RESOLUCIÓN DE CONCESIONES POR CONCURSO Y FIANZAS

La Sentencia del Tribunal Supremo de 21 de julio de 2020 (Rec. 391/2018) confirma la resolución de diversas concesiones de autopistas en situación concursal por el Consejo de Ministros, con especial referencia al destino de las garantías. Dado el órgano autor del acto, la sentencia resuelve el recurso directamente, no a través de un recurso de casación.

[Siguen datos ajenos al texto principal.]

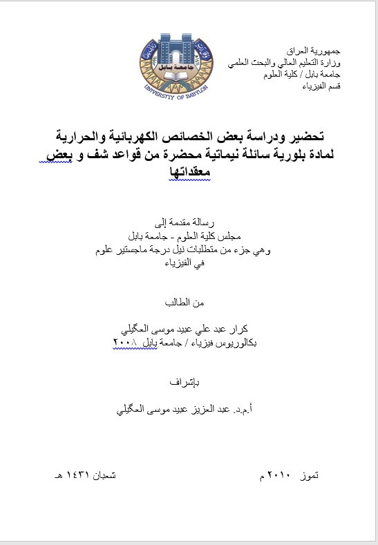 $aتحضير ودراسة بعض الخصائص الكهربائية والحرارية لمادة بلورية سائلة نيماتية محضرة من قواعد شف و بعض معقداتها = $bPreparation and Study Some of Electrical and Thermal Properties of a Nematic Liquid Crystal Material Prepared from Schiff Bases and Some its Complexes / $cمن الطالب كرار عبد علي عبيد موسى العگيلي ؛ بإشراف أ.م.د. عبد العزيز عبيد موسى العگيلي.

En primer lugar, se explica cuál es el régimen jurídico de las concesiones:

Las concesiones que nos ocupan se otorgaron conforme a la Ley 8/1972. De acuerdo con su artículo 2, las concesiones de autopistas se rigen por sus preceptos y, supletoriamente, por la legislación de Contratos de las Administraciones Públicas.

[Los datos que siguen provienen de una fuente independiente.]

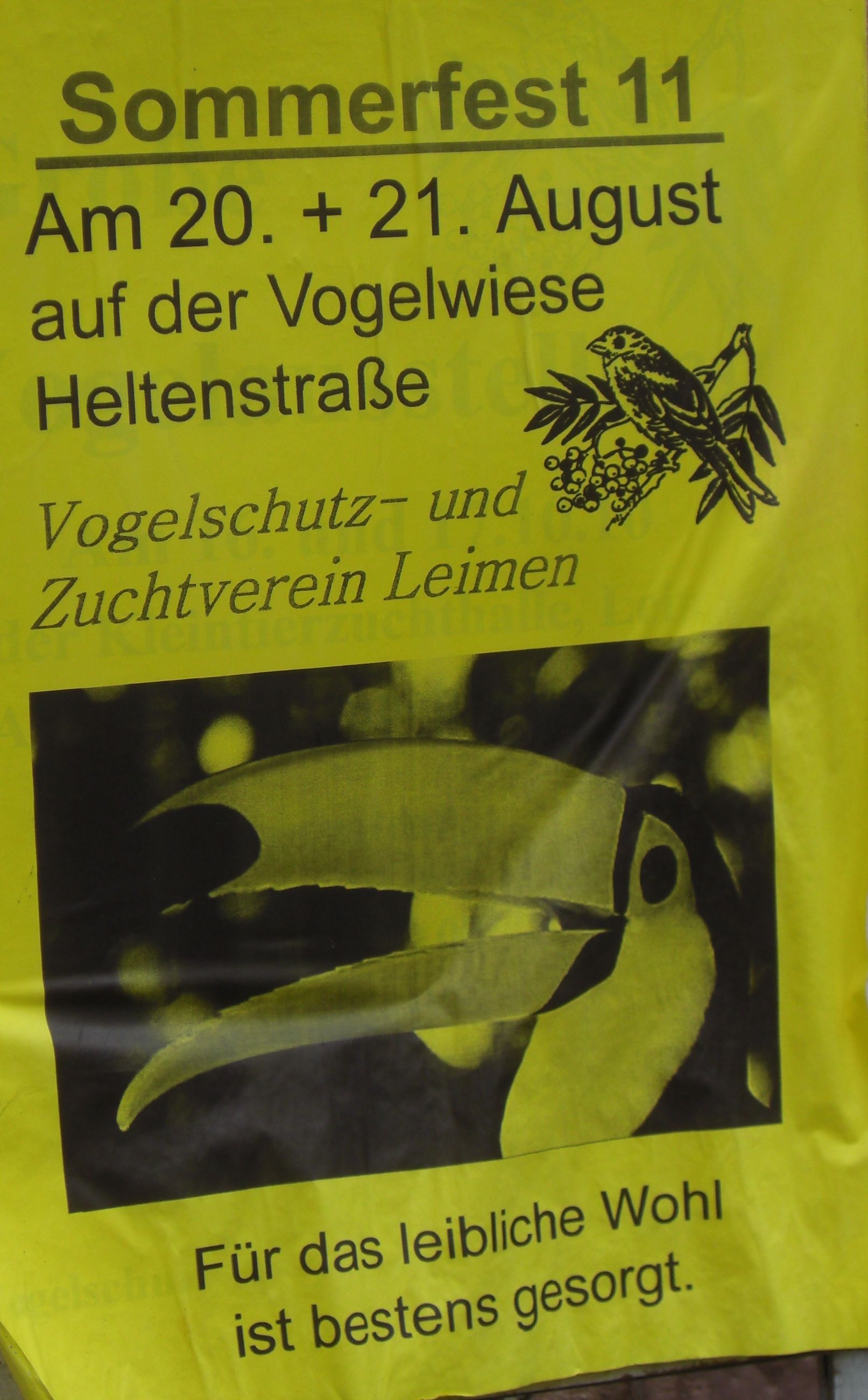 Es sei denn, Sie wollen Samstag/Sonntag auf das plakatierte Sommerfest des „Vogelschutz- u. Zuchtverein 1964 Leimen e.V., Vereinsgelände / Heltenstraße in Leimen“ gehen. Das wäre vielleicht auch einen eigenen Bericht wert: diese Veranstaltung ist nämlich wirklich geheimnis umwittert. Bislang gelang weder, einen Verantwortlichen des Vereins zu erreichen, noch in oder an der Heltenstraße eine „Vogelwiese“ zu entdecken. Auch einige befragte Anwohner konnten nicht helfen. Es bleibt uns (und ggf. Ihnen) also nichts anderes übrig, als dem Krähen der ausgestellten Hähne zu folgen, um die Veranstaltung zu finden.

El artículo 13 del Real Decreto 1834/2000, de 3 de noviembre, por el que se adjudicó la concesión de la recurrente, dispone:

"La sociedad concesionaria queda vinculada frente a la Administración General del Estado en los términos contenidos en la alternativa A-3 de su propuesta, en toda su integridad. En aquellos puntos no señalados específicamente en este Real Decreto, serán de aplicación la Ley 8/1972, de 10 de mayo, sobre construcción, conservación y explotación de las autopistas en régimen de concesión; la Ley de Contratos de las Administraciones Públicas (texto refundido, aprobado por Real Decreto legislativo 2/2000, de 16 de junio); las prescripciones del pliego de cláusulas administrativas particulares aprobado por Orden del Ministerio de Fomento de 4 de febrero de 2000, con las modificaciones recogidas en la Orden del mismo Ministerio de 5 de junio de 2000; las del pliego de cláusulas generales, aprobado por Decreto 215/1973, de 25 de enero, en lo que no resulte válidamente modificado por el anterior, y el Real Decreto 657/1986, de 7 de marzo, sobre Organización y Funcionamiento de la Delegación del Gobierno en las Sociedades Concesionarias de Autopistas Nacionales de Peaje".

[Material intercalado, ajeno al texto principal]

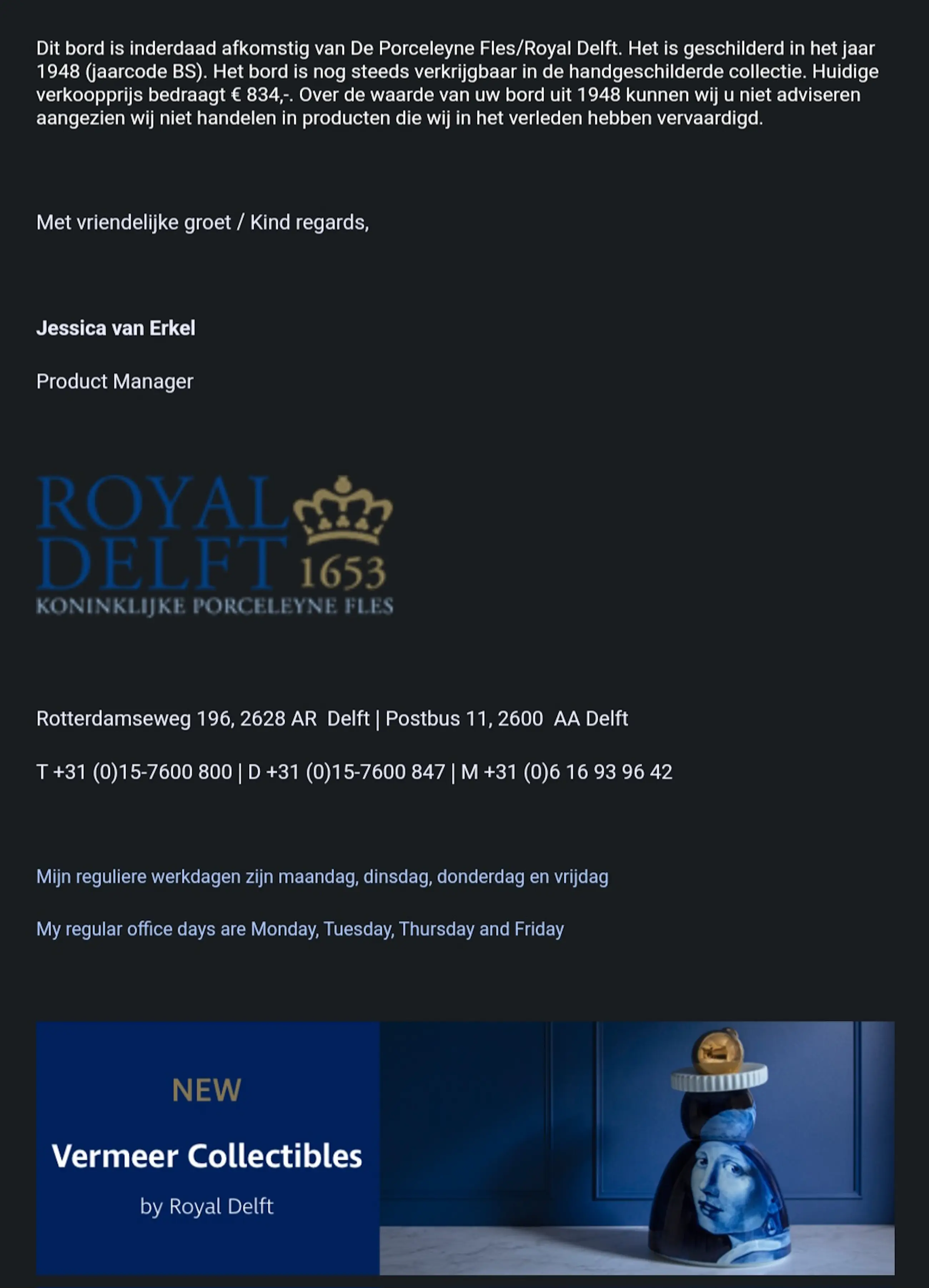 Ik heb het werk geërfd van een kennis vandaar ik weet dat het echt is en heb het laten keuren door royal delft museum

A su vez, la cláusula 11 de las particulares dice:

"11. Régimen jurídico-administrativo de la concesión

La concesión objeto de este concurso se regirá por la Ley 8/1972, de 10 de mayo, para la Construcción, Conservación y Explotación de Autopistas en Régimen de Concesión; por la Ley 13/1995, de 18 de mayo, de Contratos de las Administraciones Públicas; por las prescripciones de este pliego, por las del pliego de cláusulas generales aprobado por Decreto 215/1973, de 25 enero, en lo que no resulte válidamente modificado por el anterior, y por el Real Decreto 657/1986, de 7 de marzo, sobre organización y funcionamiento de la Delegación del Gobierno en las Sociedades Concesionarias de Autopistas Nacionales de Peaje".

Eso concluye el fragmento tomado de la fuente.